Claire Bishop in her critique of Nicholas Bourriads 'Relational Aesthetics' looks at the claim that Sierra's systematic exposure of social division creates a base for less confrontational work to exist harmoniously. To compare the work of Sierra to Nicholas Bourriads 'Relational Aesthetics' is an interesting one; as we certainly do not have any kind of relationship with the objects crafted by Sierra.
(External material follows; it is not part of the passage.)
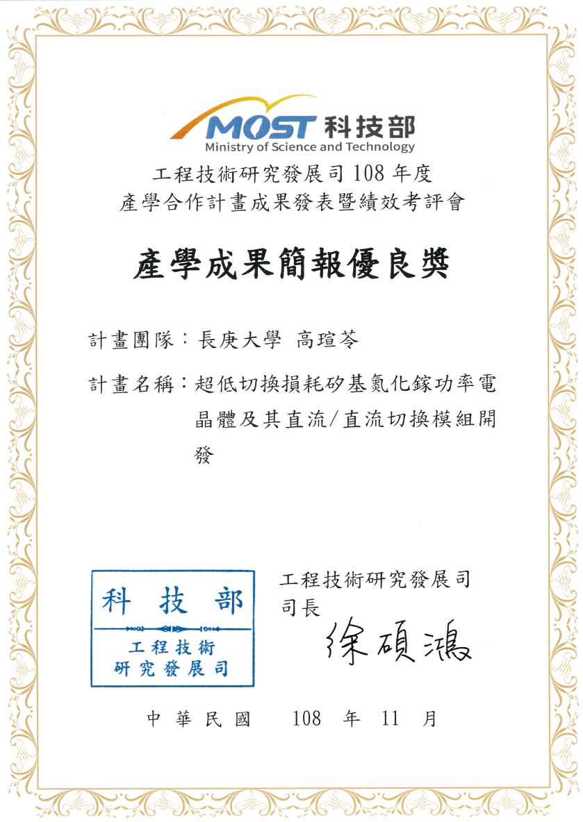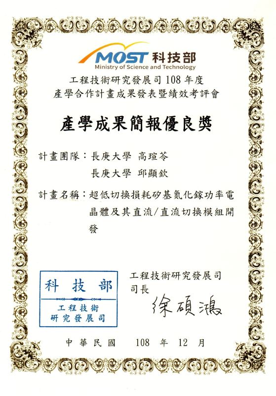 Congratulation!!本實驗室與邱顯欽教授實驗室共同執行科技部產學合作計畫"超低切換損耗矽基氮畫鎵功率電晶體及其直流/直流切換模組開發"獲得產學成果簡報優良獎

In fact it can almost be said that Sierra intentionally wants to impose a distance on us; between what he creates and how we experience it. This creation of antagonism between the 'us' and the 'them' so beautifully and expensively moulded by Sierra lacks a justifications of education that would be tantamount in underpinning any politically motivated work. Unfortunately it merely leans on the repetitive nature of a formation well rehearsed and tirelessly activated and paid for by galleries who enjoy a stunt as much as they enjoy a good piece of work. Saying this the system of reading Sierras work is bursting with arguments waiting to happen. He begs for the separation of the 'us' and the 'them' yet he charges his concepts with the discursive fire that could only help to educate this very separation, here he tricks us and unintentionally the work becomes just as much us trying to pick our way to the 'them' as it highlights the division so articulately. Like pawns we fall into Sierras conditioning too easily. Essentially there's almost no way out of a Sierra, try with all your might through discussion to pick your way out of his manipulation of guilt and divide, you will still end up right where he wants you. This manipulation does well to justify his method of critique and finds not so much a controversial note within the gallery space moreover an appropriate note. In an age flooded with 'Live Aid' and the justification of charity it's a challenge to react to crisis through object, a challenge it seems Sierra work tirelessly to maintain.